Priority has been given to the proper completion of the milestones of the second tranche from the Recovery and Resilience Fund, which concerns grants of 1.97 billion euros.

As in the first € 3.6 billion tranche disbursed last April, the 25 milestones will now have to pass the EU Fiscal Policy Directorate and be approved by the relevant bodies within the next 3- 4 months for the installment to enter the public coffers until the end of the year.

At the same time, an effort is being made to increase the 230 projects so far, with a total budget of 10.2 billion euros that have been included in the funding of the Recovery and Resilience Fund.

The need for the continuous integration of projects is based on the ambitious goal of YPOIK, which wants all the investments of Greece 2.0 to be completed by the end of 2025. and for the first half of 2026, at the end of which the program is completed, only part of the private investments should be left pending, which will be supported as it is known, from the loans of 12.7 billion.

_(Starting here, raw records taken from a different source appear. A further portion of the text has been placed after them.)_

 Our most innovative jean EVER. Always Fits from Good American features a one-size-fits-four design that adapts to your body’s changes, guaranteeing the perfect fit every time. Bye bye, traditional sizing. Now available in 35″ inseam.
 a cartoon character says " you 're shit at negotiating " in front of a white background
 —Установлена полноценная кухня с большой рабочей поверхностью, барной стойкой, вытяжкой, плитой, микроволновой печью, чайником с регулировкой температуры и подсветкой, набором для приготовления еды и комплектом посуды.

Acceleration of private investment

Meanwhile, the forthcoming interest rate hikes for the ECB are also pushing for the acceleration of the private investment of the Recovery Fund. YPOIK has warned commercial banks that if they fail to disburse the first tranche of 1.6 billion of the Fund’s loans immediately, the current interest rate of 0.35% (due to negative euro interest rates) will increase.

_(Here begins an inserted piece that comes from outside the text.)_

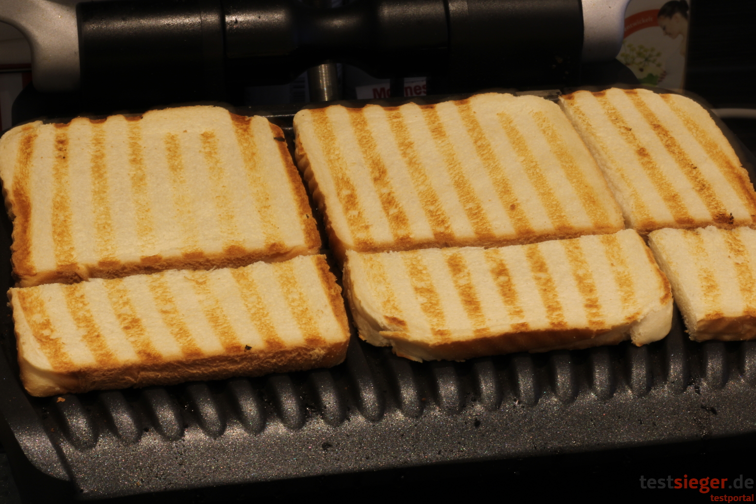Als nächstes Überprüfen wir die Hitzeverteilung mit unserem Toastbrottest. Wir legen die komplette Fläche aus und überprüfen den Bräunungsgrad nach 45 Sekunden im Panini-Modus. Es fällt direkt die sehr schöne Maserung auf. Diese lässt sich über das separate Grillsteifen-Programm sogar noch einmal intensivieren. Die Funktion lässt sich praktischerweise jederzeit über eine eigene Taste zuschalten – genau wie die Auftaufunktion. Nach zwei Minuten sind die Brotscheiben sehr kross, aber noch nicht verbrannt. Die Bräunung ist schön gleichmäßig, auch an den Rändern. Der OptiGrill punktet also durch eine sehr gute Wärmeverteilung. Auch Fisch, Bacon und Gemüse meistert das Gerät.

At the same time, of course, the lending from the commercial banks will increase, which evaluate the investment proposals and will appear as the second financier for 30% of the approved budget of each investment proposal.

However, the interest is already great, since in the special platform of YPOIK 600 investment proposals have been submitted, of which for 20 a final request has been submitted. The total budget of the proposals reaches 700 million euros, which corresponds to TAA loans of 264 million euros. Equity is 223 million euros and trade loans reach 204 million euros.

Review – REpowerEU

Along with all this, the Ministry of Finance is preparing for the mid-term review of the program, while waiting for the regulation of REpower EU. This additional program, which will include projects to address the EU ‘s energy dependence on fossil fuels, will be complementary to the TAA, which will have to be revised in line with the Fund’ s implementing regulation.

YPOIK estimates that for the new program it will absorb up to 5 billion euros from the unallocated loans of TAA. Based on the initial announcements of the Commission, the projects of the “branch” of this Recovery Fund will be able to be financed by redistribution of the funds of the NSRF 2021 -2027.

It is obvious that the double (if not triple if one includes the NSRF) revision is a difficult exercise that should be done quickly and in fact in equally difficult conditions.